If an access is made to a cell outside of the "boundaries" of a forest, then it loops around to the other side. For example, in a one dimensional forest read left-to-right, if a cell one cell beyond the rightmost boundary is accessed, that should be treated as an access to the cell at the leftmost bounary.
Preconfigured details of a forest are specified in a configuration file ROM. This ROM specifies:
- Initial state of the land as a sparse matrix
- Start of execution
## Trees
A tree is a single, spatially rooted context of execution in a forest. It's analagous to a process or a thread on most operating systems, but different in a few key ways.
Like processes, trees run in parallel. Unlike modern processes, trees don't get time slices, they get slices of execution. All trees in the forest get to execute a limited number of instructions each cycle. The capped number of instructions run per cycle is called the tree's "rule," and a "generation" is the time it takes to execute every tree's rule once.
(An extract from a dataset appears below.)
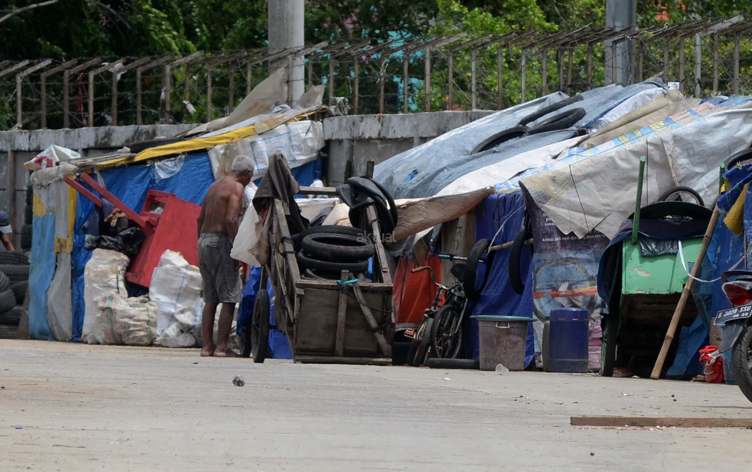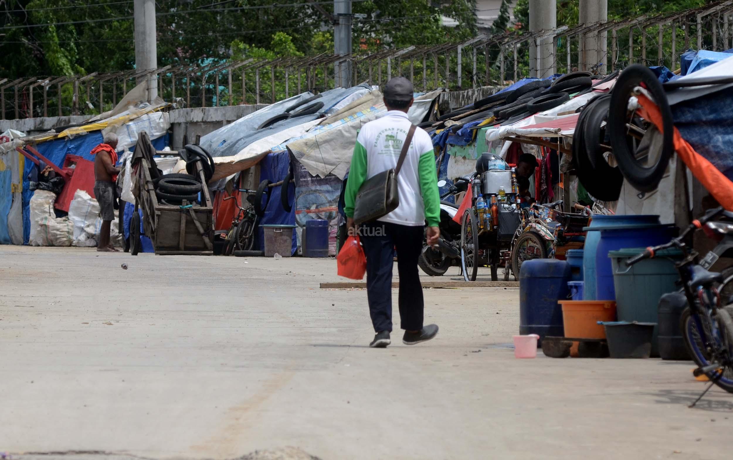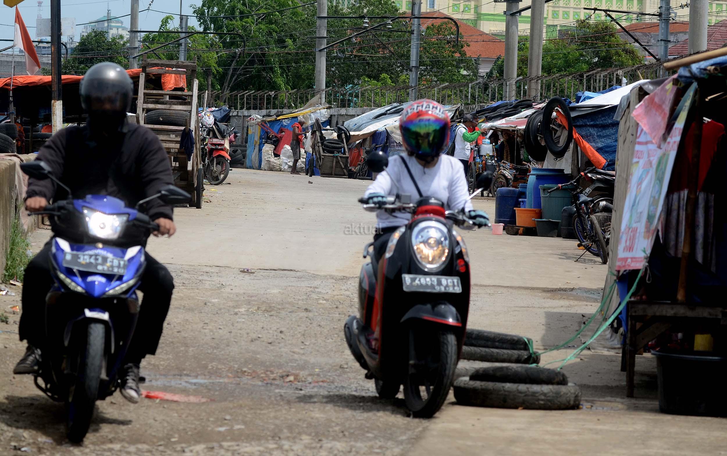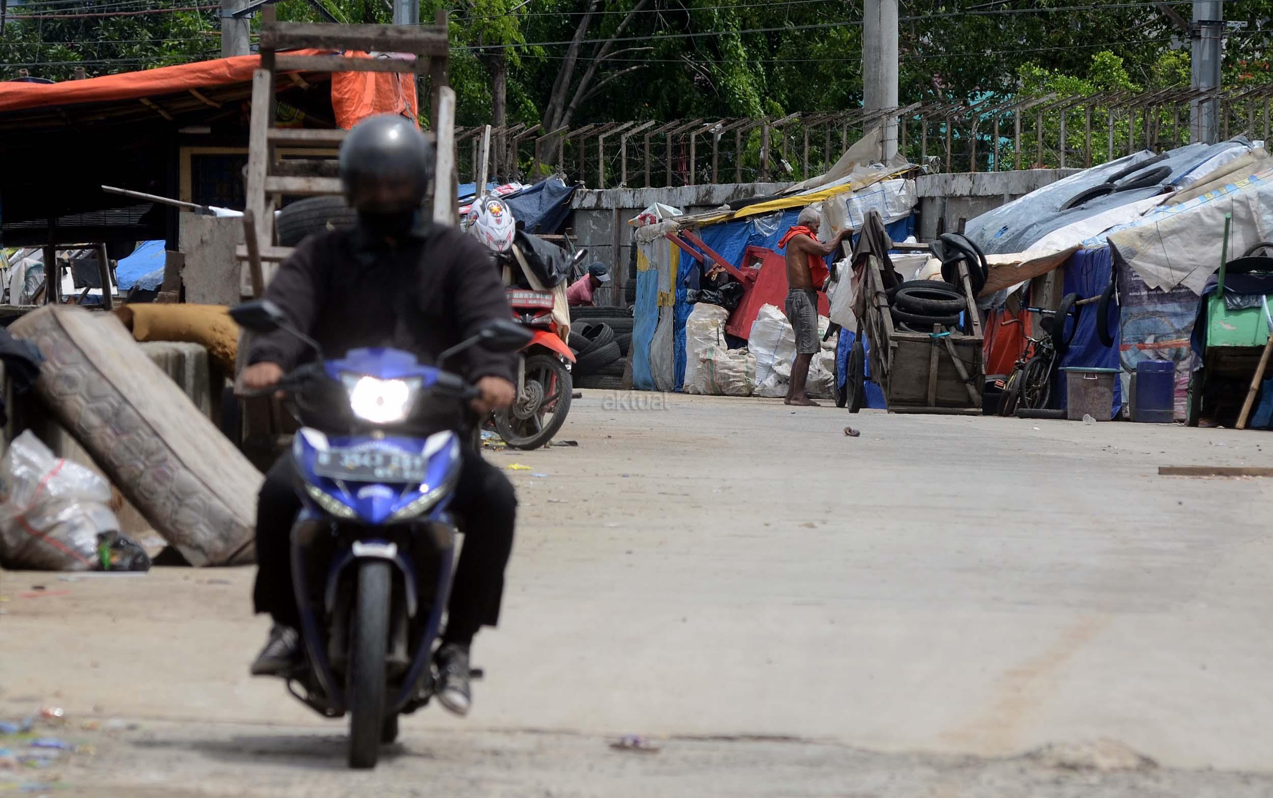 Pengendara Motor melintas didepan gubuk yang berada di jalur inspeksi kanal banjir barat (KBB) di kawasan Kebon Melati, Jakarta, Jumat (9/12/2016). Kurangnya pengawasan membuat gubuk liar kembali berdiri di kawasan tersebut, meski telah berulang kali ditertibkan. AKTUAL/Munzir

The terms "rule" and "generation" are borrowed from cellular automata.
Rules, like in celullar automata, are looped every generation.
Trees use their rules to operate on two stacks: the root and the trunk. By convention, we imagine the tree pulling values from it's root, operating on them, and then pushing them to the trunk. In other words, the trunk is used for results, and the roots are used for operands. However, trees may push to the root and pull from the trunk if applicable.
Every tree has a base, that is, a particular spot on the land, or a cell in the matrix. Land-access is made relative to the position of the base cell, and with respect to the tree, the base cell has coordinates of the zero vector of the forest (i.e. [0] for a 1-dimensional forest, [0, 0] for two dimensions, and so on).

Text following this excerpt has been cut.